Ripa v Petrosyants 2019 NY Slip Op 32638(U) August 15, 2019 Supreme Court, Kings County Docket Number: 510658/17 restates the age old principle that one may not successfully sue an attorney unless there was an attorney-client relationship, or something very, very close to it. This was a restaurant investment gone bad. Judge Leon Ruchelsman picks up:
“To succeed on a claim for.legal malpractice it must be shown that the attorney failed to act with the “ordinary reasonable skill and knowledge commonly possessed by a member of the legal professional (Darby & Darby, P.C. v; VST International, Inc., 95 NY2d 308, 716 NYS2d 378 [2000]). As a preliminary matter, of course, there must be evidence of an attorney client: relationship (Wei Cheng Chang v. Pi, 288 AD2d 378, 733 NYS2d 471 [2d Dept., 2001]) . A client’s unilateral belief that an attorney client
relationship existed is insufficient to establish such relationship
even though a formal retainer agreement is not required (Terio v.

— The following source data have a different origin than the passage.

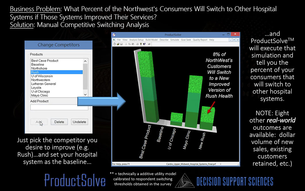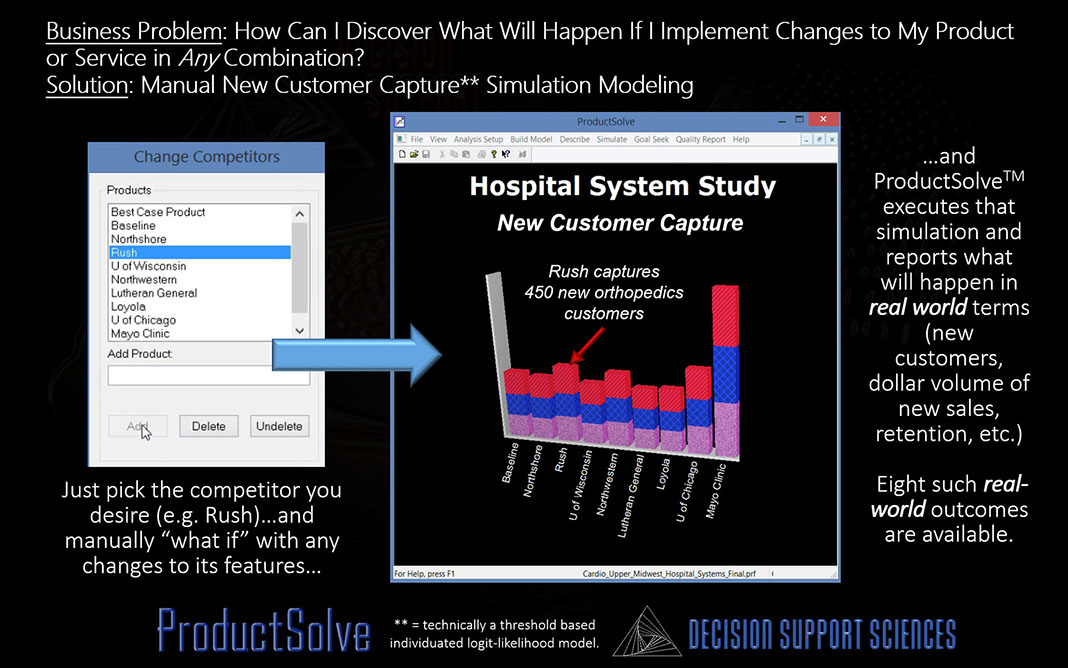 It has never been enough to just guess at an outcome.! Nonetheless, many simulation-based approaches only allow manual "what-iffing." In contrast, truly thorough risk-mitigation requires goal-solving. The goal solving built into ProductSolve™ is called Multi-Attribute Simulation Scanning or MASS. MASS automatically builds and tests millions of products to find the subset that produces critical real world outcomes (RWO's) such as maximal new customer capture, switching, etc.
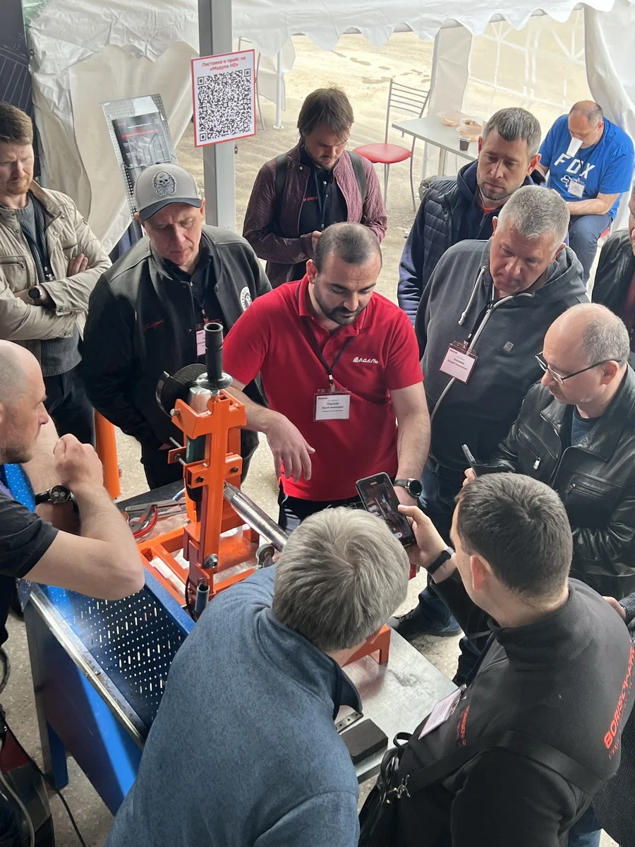 Участники семинара познакомились с основными принципами восстановления сменными модулями Heavy Duty. С инженерными особенностями корпуса модуля, специфики и вариантами крепления к корпусу коронки, а также смогли на практике увидеть весь процесс восстановления и последующего испытания восстановленной коронки. Особенно участников удивил процесс проверки модуля «на отрыв».
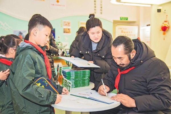 活動尾聲,其美多吉與兒童郵局的師生,在點綴著馬年新春元素的郵局前并肩合影。鏡頭定格下一張張燦爛笑臉,孩子們眼中被榜樣精神點亮的光芒,比現(xiàn)場的年味裝飾更顯耀眼。(圖為贈書環(huán)節(jié),其美多吉為學生在繪本上簽名。)
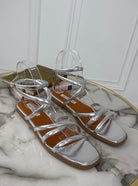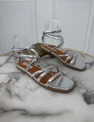Sandali in ecopelle con fasce ad incrocio , chiusura con cinturino e fondo in gomma

Spodek, 63 AD3d 719, 880 NYS2d 679 [2d Dept., 2015]). Thus, “to
prove an attorney-client relationship, there must be an explicit
undertaking “to perform a specific task” (Nelson v. Roth, 69 AD3d
912, 893 NYS2d 605 [2d Dept., 2010]).
The plaintiff has asserted an attorney client relationship existed but has failed to present any evidence supporting that contention. The plaintiff asserts that Ofshtein “billed several thousand dollars for legal services” (Affirmation in Opposition, 9). However, the plaintiff has not presented any evidence of any such bills that would conclusively substantiate the allegation contained in the complaint. Thus, ‘that allegation is conclusory
and, unsupported. Consequently, the plaintiff has failed to establish an attorney client relationship and consequently the motion to dismiss the malpractice claim is granted.”